• WORK INSTRUCTION: Write out the lines below exactly, beginning at the one with "Inside Door Key Hanger" and stopping after the one with "Two Cut Corner"; the pictures are not copied.

• INPUT FOR THIS TASK:
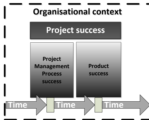
Figure 1: Project success framework used by the paper

Based on the literature findings this paper builds a framework of three dimensions of success factors. The framework includes the dimensions of project management process success, project product success and organisational context. The organisational context incorporates the time dimension and considers the time dependencies between project management process success and product success.
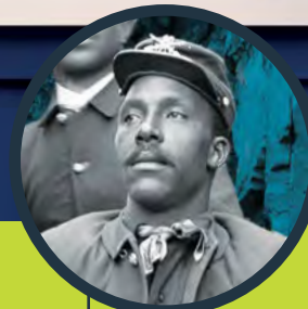
Buffalo Soldiers: Fighting on Two Fronts
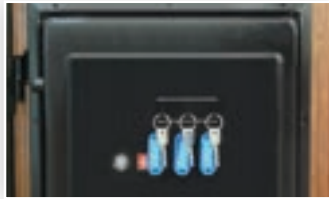
Inside Door Key Hanger
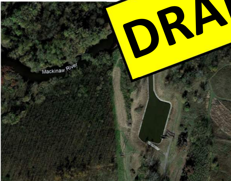
Side Channel Pumping Pool
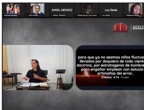
Talo preaching at Emanuel Church
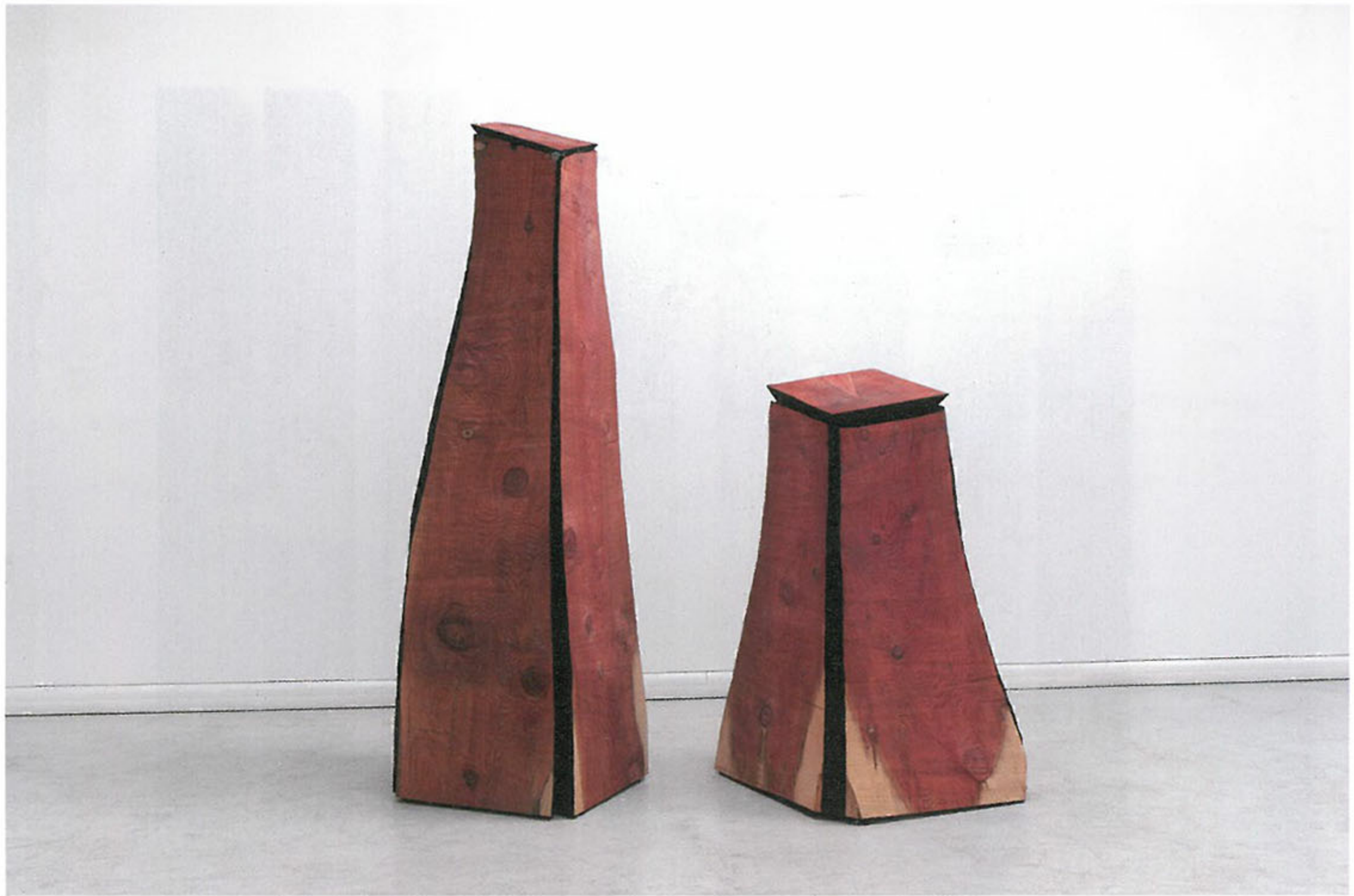
Two Cut Corner Columns, 2011, redwood 2 parts: 1) 240×69×76cm 2) 153×88×86cm

David Nash is widely celebrated for his ethical approach to nature and the exquisitely beautiful objects he shapes from wood found in the wild. To fully appreciate the rough-hewn and lyrical sculptures wrought by Nash, it is essential to understand how the artist views trees and the role of ecology in his practice. Since the beginning of his prolific career, Nash has been committed to making artworks in concert with his chosen material, using only trees that have fallen naturally due to weather or disease.

• ANSWER BOX:
Inside Door Key Hanger
Side Channel Pumping Pool
Talo preaching at Emanuel Church
Two Cut Corner Columns, 2011, redwood 2 parts: 1) 240×69×76cm 2) 153×88×86cm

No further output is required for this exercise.